* [Problem to solve]
From the first line of the entries below through the line bearing "(데일리대구경북뉴스=김형만 기자)의성군(군수 김주수)보건소와", write out each line exactly. Omit pictures.

(Saved entries)
****

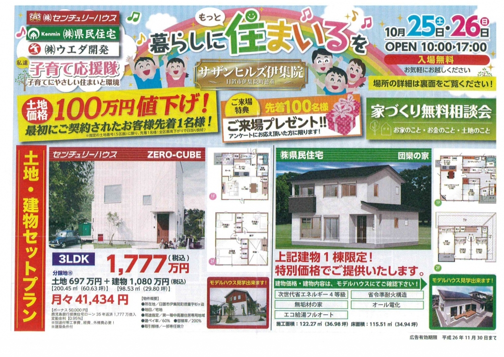 住まいるフェアを開催致します! 子育てに適したサンヒルズ伊集院をご紹介します。 家を建てたいけど、どんな家を造ればいいの? 住宅にとって大事なことは? 価格はどうなの?? 専門の担当者が住宅の疑問にお答えします!! ぜひご来場ください!(^^)!
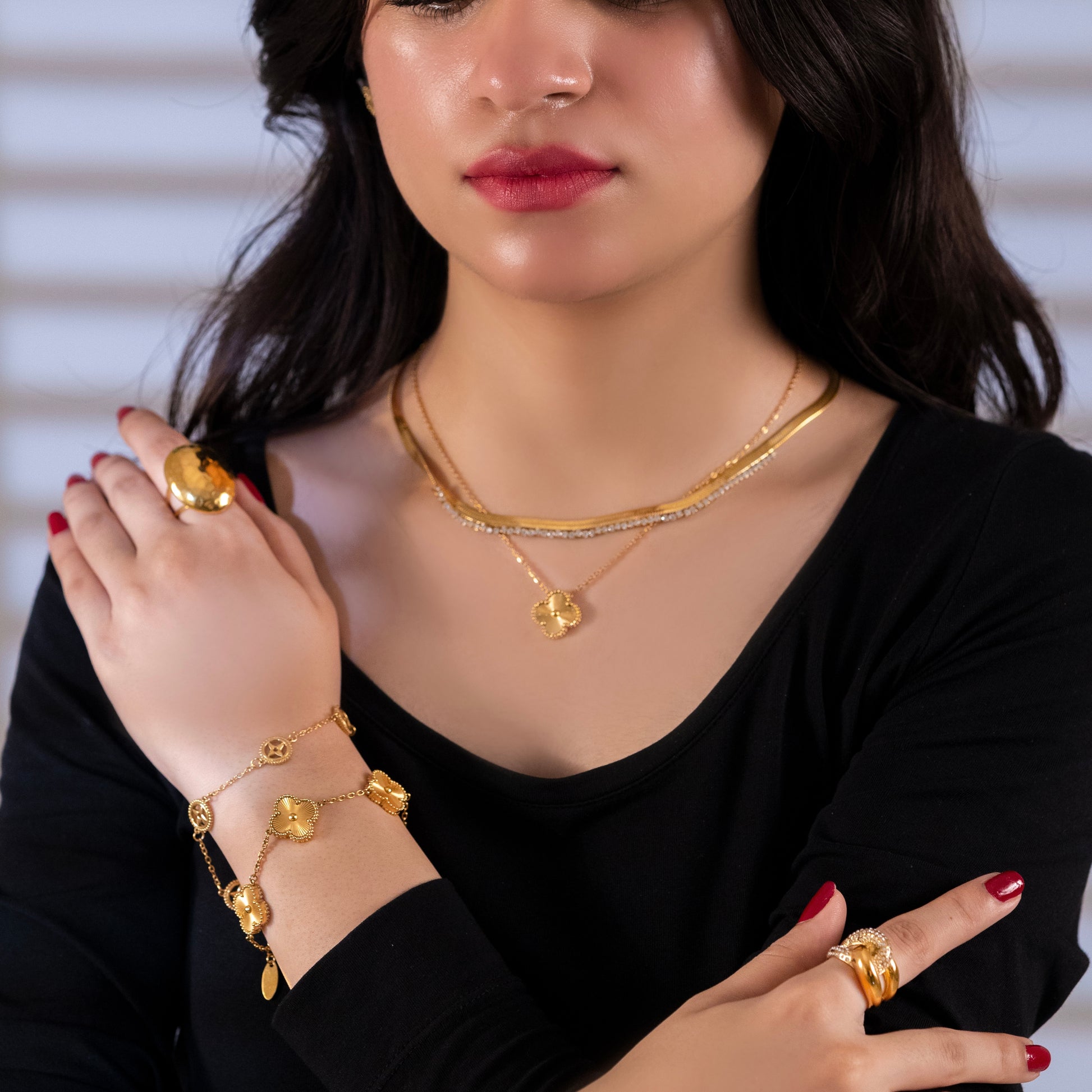 Product Info: Our stainless steel jewelry, meticulously crafted with 18k gold PVD plating for enduring beauty and durability. Designed for comfort and safety, our pieces are waterproof and resistant to tarnishing, ensuring effortless style without compromise. Enjoy timeless elegance and long-lasting quality with minimal maintenance, perfect for those with sensitive skin.
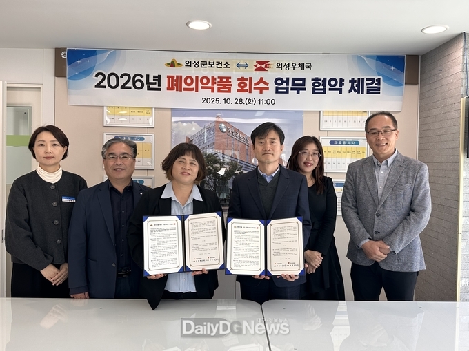 (데일리대구경북뉴스=김형만 기자)의성군(군수 김주수)보건소와 의성우체국은 10월 28일 폐의약품의 안전한 회수와 환경오염 예방을 위한 ‘폐의약품 회수 업무협약’을 체결했다.
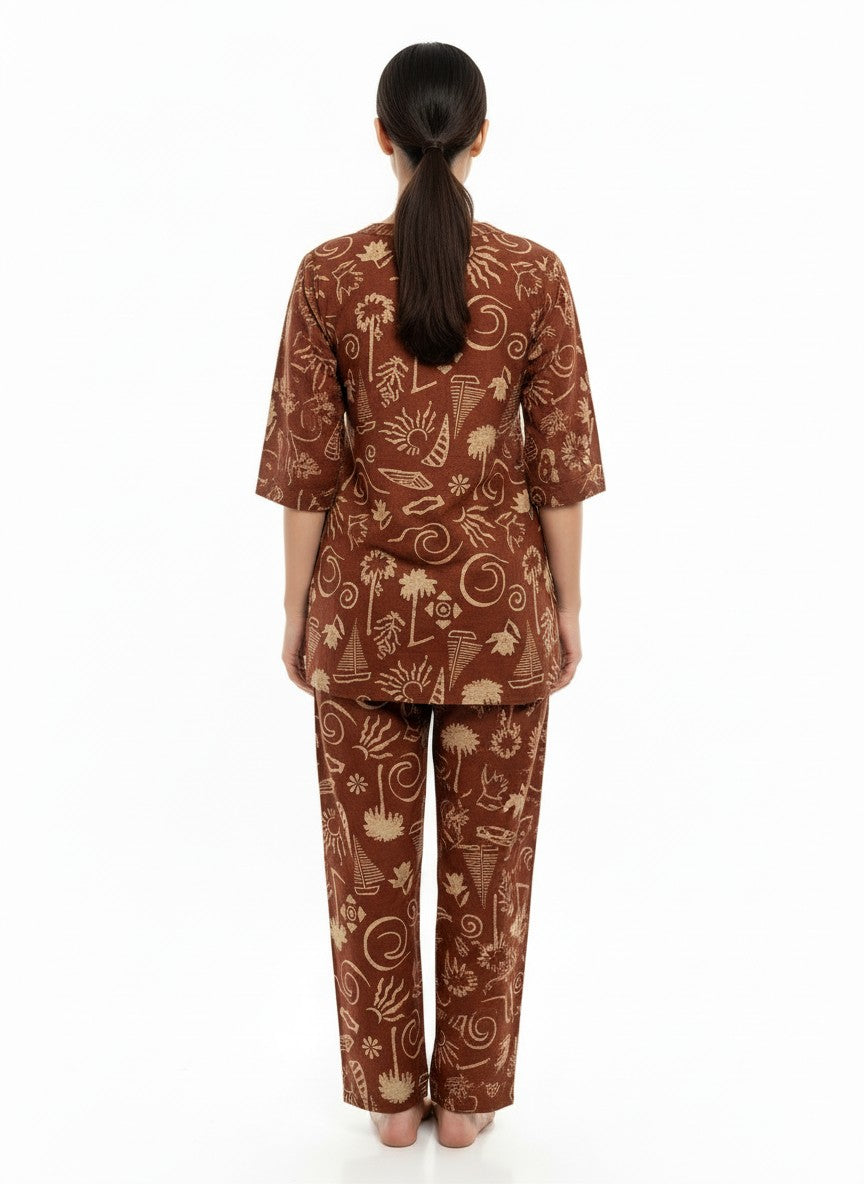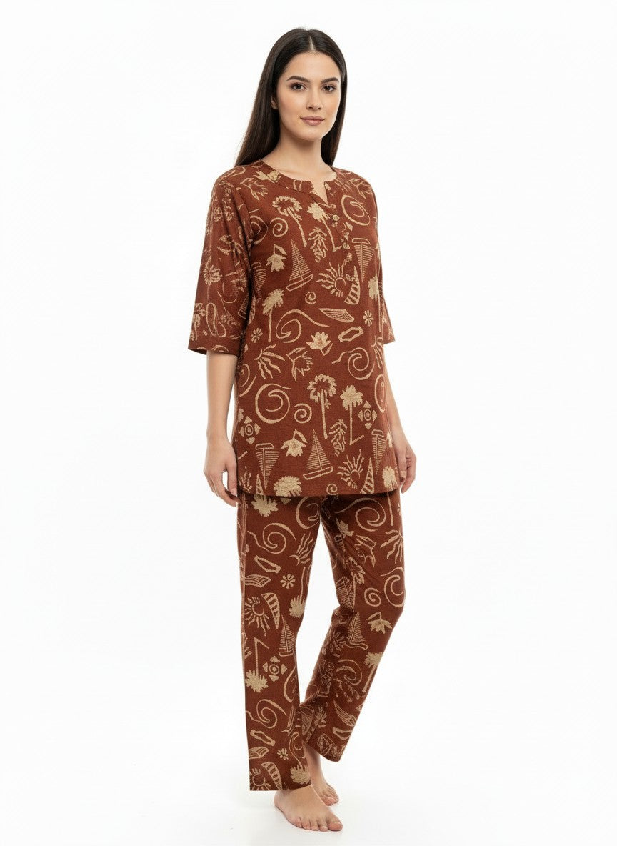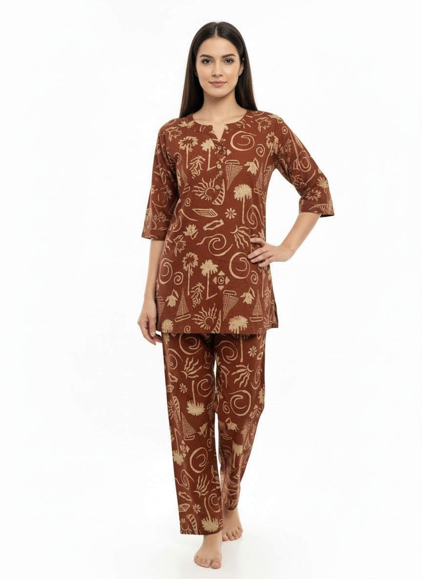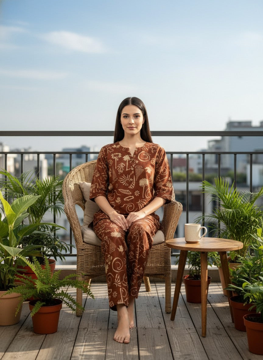 Experience the soothing comfort of this lightweight brown kurti set from Bhx-Eo, perfect for relaxing at home or casual everyday wear. Designed in a regular fit silhouette with long sleeves, a round neck, and button closure, it features an abstract pattern that adds a touch of charm. Crafted from breathable cotton fabric, it ensures all-season comfort with non-stretchable durability. Easy to maintain with machine wash cold instructions, this kurti set combines style and convenience for your loungewear collection.
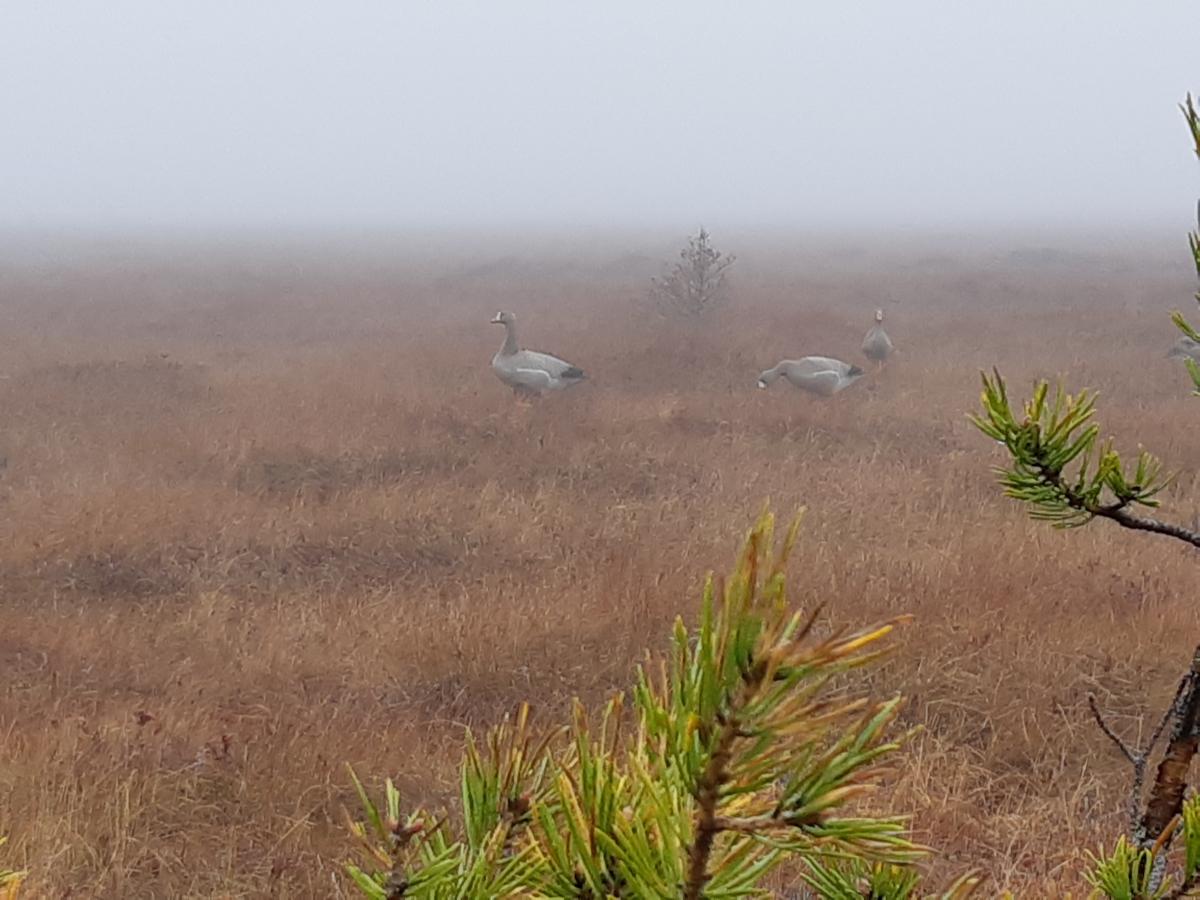 Сегодня ветер, дождь временами, гуся одна небольшая стайка на самом рассвете и одна двойка в самом финале. Подсела к лебедям минут на пять, а затем дальше полетели. Шансы ещё что-то добыть на озере стремительно идут к нулевой отметке.

****

* [Exercise result]
 住まいるフェアを開催致します! 子育てに適したサンヒルズ伊集院をご紹介します。 家を建てたいけど、どんな家を造ればいいの? 住宅にとって大事なことは? 価格はどうなの?? 専門の担当者が住宅の疑問にお答えします!! ぜひご来場ください!(^^)!
 Product Info: Our stainless steel jewelry, meticulously crafted with 18k gold PVD plating for enduring beauty and durability. Designed for comfort and safety, our pieces are waterproof and resistant to tarnishing, ensuring effortless style without compromise. Enjoy timeless elegance and long-lasting quality with minimal maintenance, perfect for those with sensitive skin.
 (데일리대구경북뉴스=김형만 기자)의성군(군수 김주수)보건소와 의성우체국은 10월 28일 폐의약품의 안전한 회수와 환경오염 예방을 위한 ‘폐의약품 회수 업무협약’을 체결했다.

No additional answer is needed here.